An INC Secretariat spokesperson told Dialogue Earth that at each INC, observers have been forewarned that seating in contact groups would be subject to availability, and that it is standard practice at all UN negotiations to close informal meetings to observer groups.
What is lost
The exclusion of Indigenous Peoples shuts out vital expertise from discussions, multiple experts told Dialogue Earth. Many participants, especially smaller, under-resourced delegations from Global South nations, rely on civil society and scientists to help them navigate the material and provide guidance.
Varea, part of Fiji’s delegation in Busan, says certain countries actively “lean on the advice of the Indigenous Peoples Forum”. Being in the room also enables Indigenous Peoples to lobby less progressive states and hold to account ambitious countries that have promised to push for a strong treaty, adds Lee.
This leaves gaps that some fear are being filled by industry. There were 220 members of the plastics and petrochemical industries registered for INC-5, exceeding delegates from the EU. Several attended on national delegations, granting them direct access to the document under debate. That power dynamic may be showing in the text. A version released at the end of INC-5 dropped references to Indigenous Peoples rights. The phrase “chemicals of concern” had been scrubbed from the title of an article on managing plastic products and chemicals of concern.
An example of changes to the language on Indigenous Peoples in the treaty draft

A group of observer organisations, including members of the IIPFP and a coalition of scientists, have publicly condemned the limited access, warning it risks creating an ineffective treaty.

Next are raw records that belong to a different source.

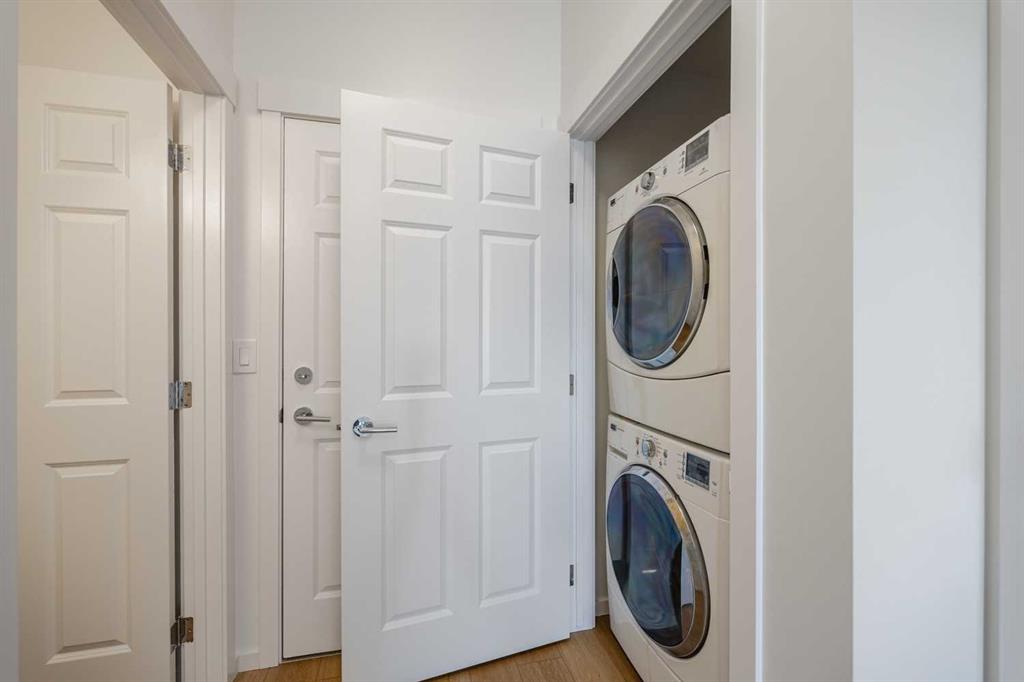 **Open House, Friday Feb 20, 3:30 - 6 p.m. & Saturday Feb 21, 2 - 4 p.m.** Incredible opportunity! This sunny and bright top floor apartment (no neighbours above) has a huge south facing patio with unobstructed views including stunning mountain views to the West. The new owner will enjoy brand new updates including new flooring (LVP in living area + carpet in bedroom), new lighting and paint through the entire unit including ceilings, gorgeous new stainless steel sink and faucet in the kitchen. More features include ensuite laundry, granite counters, double pocket doors to the bedroom, a nook for a desk or more storage and a nice tub and shower combo in the bathroom. Inside the unit you will find two large closets for coats and clothes plus an additional assigned underground storage room. Park in your titled parking stall with plug-ins and enjoy a wonderful lifestyle in this quiet community with close access to ponds, walking paths, parks (just across the street), New Brighton Athletic Park, playgrounds and schools. Incredible amenities are nearby including shopping, restaurants, medical offices, and quick access to the ring road and Deerfoot Trail. Opportunities like this don’t come to market often in Calgary!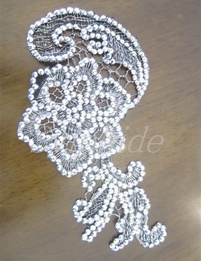 伸縮性のある、薄手の濃紺のレース生地に、柄に沿ってスワロフスキーを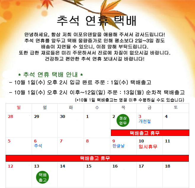 ¾È³çÇϼ¼¿ä! Ãß¼®¿¬ÈÞÅùèÀÏÁ¤ÀÔ´Ï´Ù. 10¿ù10ÀÏ ÀÓ½ÃÈÞ¹«ÀÔ´Ï´Ù. ¾çÇØ ºÎʵ右´Ï´Ù!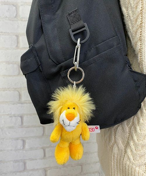 こちらは、ぬいぐるみの肌触りをそのまま残したサニーライオンのキーリングです。おしりには太陽のマークの刺繍入りです♪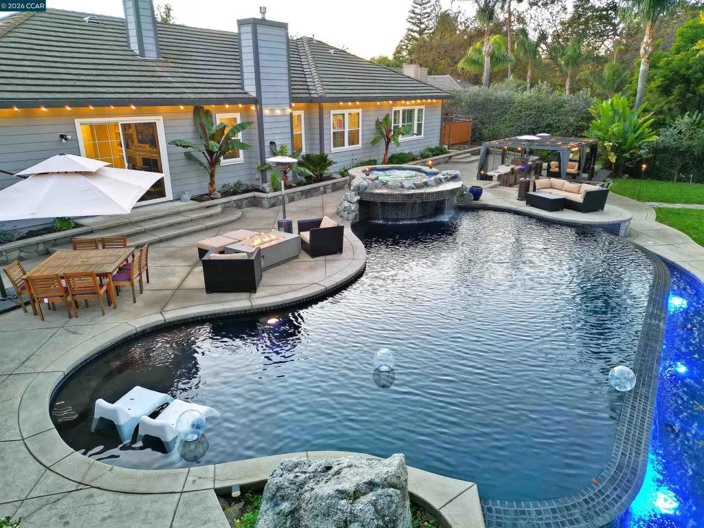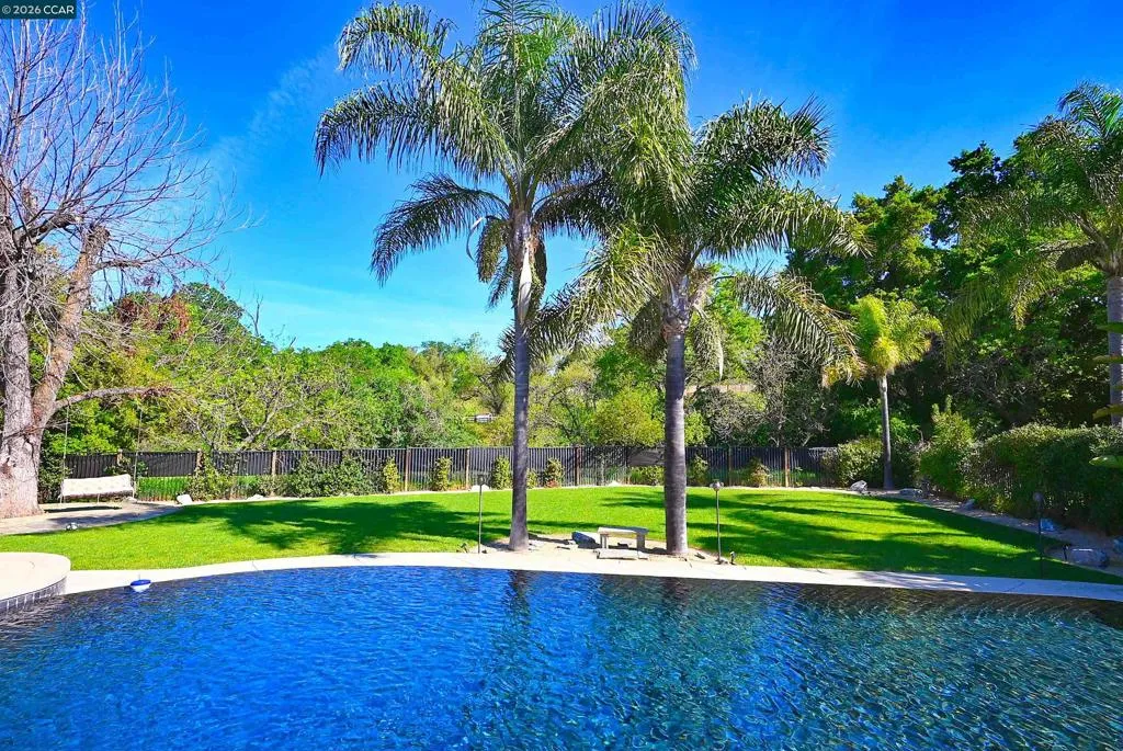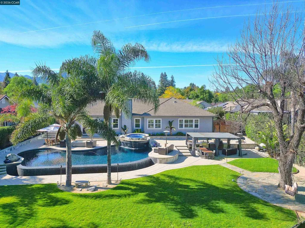 Once in a generation opportunity; spectacular 1-story resort, over 1/2 acre of breath-taking level grounds on an 8-home cul-de-sac just a short distance off YVR. Renowned pool builder’s personal custom designed estate-quality black bottom pool w/ a 46-ft infinity-edge waterfall, 12 ft elevated spa w/ spillway & custom lighting is absolutely stunning! Versatile 3060 sf ft 5 bd, 3 ba floor plan provides for multi-generational living w/ custom plantation shutters, crown molding, ceiling fans & tiled hardwood-like floors. Newer dshwshr & fridge. Sep liv & din rms, large granite island kit. opens to the spacious family rm, breakfast nook & rear garden w/ no rear neighbors! Huge primary suite w/ dual walk-in closets & beautiful garden views. Grand circular driveway accommodates side-by-side parking for 10+ vehicles, 3-car gar & dbl-gated RV parking. Recently added 20 x 12 louvered-roof outdoor kitchen pavilion can be screened in, or, completely open-air features Mont Alpi quartz counters, 6-burner 115,000 BTU grill, refrigerator & 3-tap beer dispenser. PV solar panels, renovated tropical gardens, expansive level lawns, palm trees, tree swing & post solar lighting add to the resort-like surroundings. Short walk to Lydia Park, Starbucks, and downtown Clayton! Hurry while still available!

“Our knowledge can ensure that these treaties put the strictest, most protective measures in place to protect our people, but also everybody,” says Viola Waghiyi, a Yupik Indigenous leader from Alaska, who has attended several INCs and works with Miller at ACAT. “We recognise that it’s a global crisis.”

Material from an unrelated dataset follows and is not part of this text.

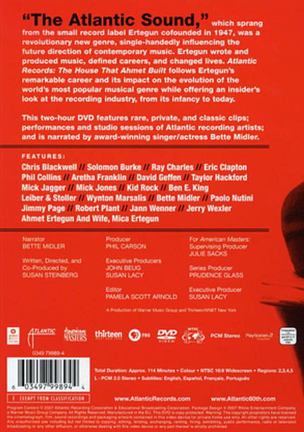 Ahmet Ertegun was a true visionary in the music business -- largely by being a fan of music. Although he was technically a "suit," he was a fan first and foremost. This fact defined his business instinct. Atlantic Records became one of the most important and successful record companies in history. From the beginning, if a record was graced by the famous Atlantic label and logo, the music within its grooves was bound to be magical. The Atlantic label remains a stamp of virtually guaranteed musical quality to this day. Atlantic's roster is truly mind-blowing, and it's impossible to list all of the artists here. Ahmet Ertegun's extraordinary career and the 60th anniversary of Atlantic is covered in 2007's fascinating two-hour, warts-and-all documentary DVD Atlantic Records: The House That Ahmet Built. The documentary -- written, directed, and co-produced by Susan Steinberg and narrated by Bette Midler -- was first broadcast on PBS as part of its American Masters series, which is produced by Thirteen/WNET New York. The non-stop parade of rare and classic clips, live performances, and studio sessions from Atlantic's legendary artists will make even casual music fans' jaws drop. Featured interview subjects, many of whom reminisce with Ahmet Ertegun himself, include Chris Blackwell, Solomon Burke, Ray Charles, Eric Clapton, Phil Collins, Aretha Franklin, David Geffen, the Rolling Stones' Mick Jagger, Foreigner's Mick Jones, Kid Rock, Ben E. King, Jerry Leiber, Mike Stoller, Wynton Marsalis, Paolo Nutini, Led Zeppelin's Jimmy Page and Robert Plant, Jann Wenner, and Ahmet Ertegun's wife, Mica Ertegun.

As observers wait for countries to agree on a date and place for another supposedly final meeting (dubbed INC-5.2), there has been time to reflect on what should change. Some want more funding to increase participation of Indigenous Peoples.

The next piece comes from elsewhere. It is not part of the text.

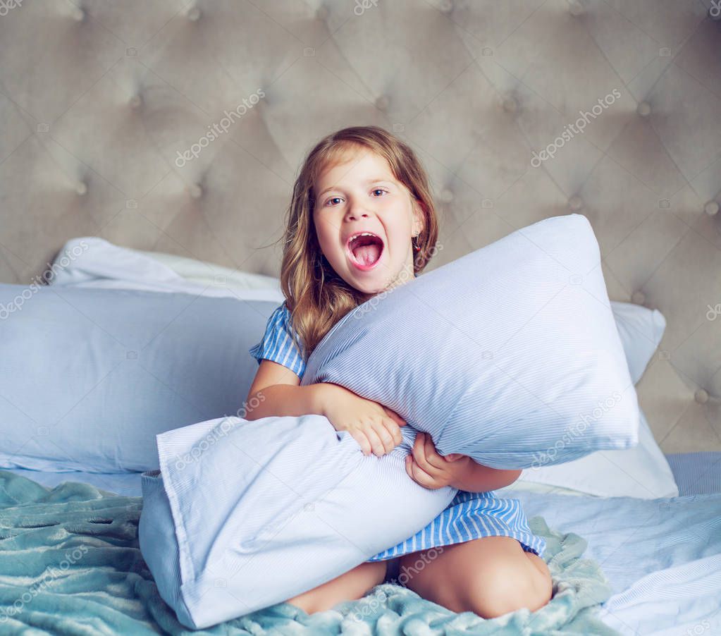 Happy little girl with a pillow in bed at home

Inspiration could also be drawn from more inclusive UN meetings, such as the Stockholm Convention on chemicals called persistent organic pollutants. There, Indigenous Peoples have been able to observe, intervene and participate in contact group meetings, they say. “That is a much more open process,” says Miller, who alongside Waghiyi, has been an observer in those meetings for years.
Varea wants Indigenous Peoples to be recognised in the plastics treaty not just as stakeholders but rights holders, to elevate them beyond observers. Something like this is taking shape in the UN General Assembly, where a resolution is being discussed that could grant Indigenous Peoples a position alongside states, effectively giving them equal negotiating power in UN processes.
That could be years in the making. For now, the road ahead for Indigenous participation in the plastics treaty process remains unclear. Asked if he feels optimistic about INC-5.2, Varea pauses. “Well, I don’t know,” he says. “But what I can tell you is that I will be prepared.”